In both cases, the precision of the image degrades with distance. This explains that each projector has a maximum display size. A manual setting is provided on the objective.
This technology made famous by the BARCO firm uses a technique similar to that of the TV. Although the brighter with true contrasts (black is actually black), this technology is little used in computer projectors. It allows the greatest displays (up to 10 meters long) with lamps of a lifetime of 10,000 hours. Unlike other technologies, the lamp does not slap but wears. The disadvantages, however, are many: delicate setting (practically requires a technician to each change of place of the projector), congestion, lens fixed (no zoom)
As the tritubes allows the projection in the darkness, they are reserved for the real cinema, especially considering their price.
Invented by Texas instruments, DLP technology is based on a matrix of mirrors called DMD. It is similar to that of the LCD, except that liquid crystals are replaced by small mirrors controlled by transistors.
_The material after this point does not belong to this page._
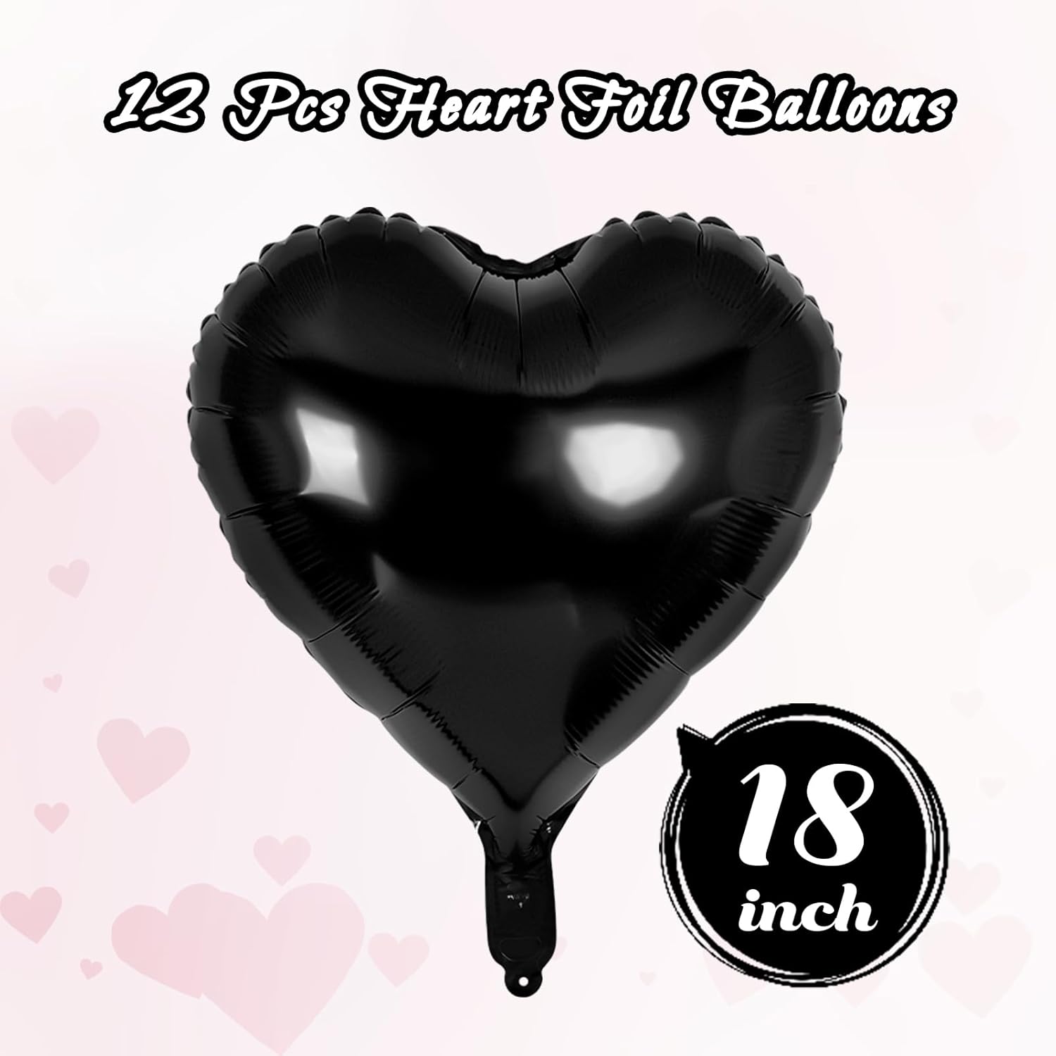 24 Pcs Black Heart Balloons,18 inch Heart Shape Foil Balloons Love Balloons Valentine Balloons for Birthday Party Wedding Engagement Party Baby Shower Valentine Day Decorations (Black)

Mirror switch on their axis to determine which light is projected along an axis of + 10 °
A DMD chip is approximately 2 cm 2 and contains between 500,000 and 1,300,000 digital micro-mirror device.
The luminosity is greater than that of the LCD with an excellent (although less than that of the tube) contrast ratio.
This technology integrates both home theater and video computer projection and replace term LCD technology. Nevertheless, as for the projectors LCD, the lifetime of the lamp (and its price) makes hardly usable for intensive use.
The light is projected by the lamp on an optical correction. It then passes through a color wheel (color separation) which is again corrected by a control perspective. DMD system controlled by the processor DLP card will then transmit (or not) the screen via a projection lens.
The color wheel to some side effects on the image including a small effect of flicker.
In relation:
The continuation of the course Hardware 2 training > Chapter 17: ADSL by router - firewall hardware |
The course "Hardware 2" course: Network, servers and communication.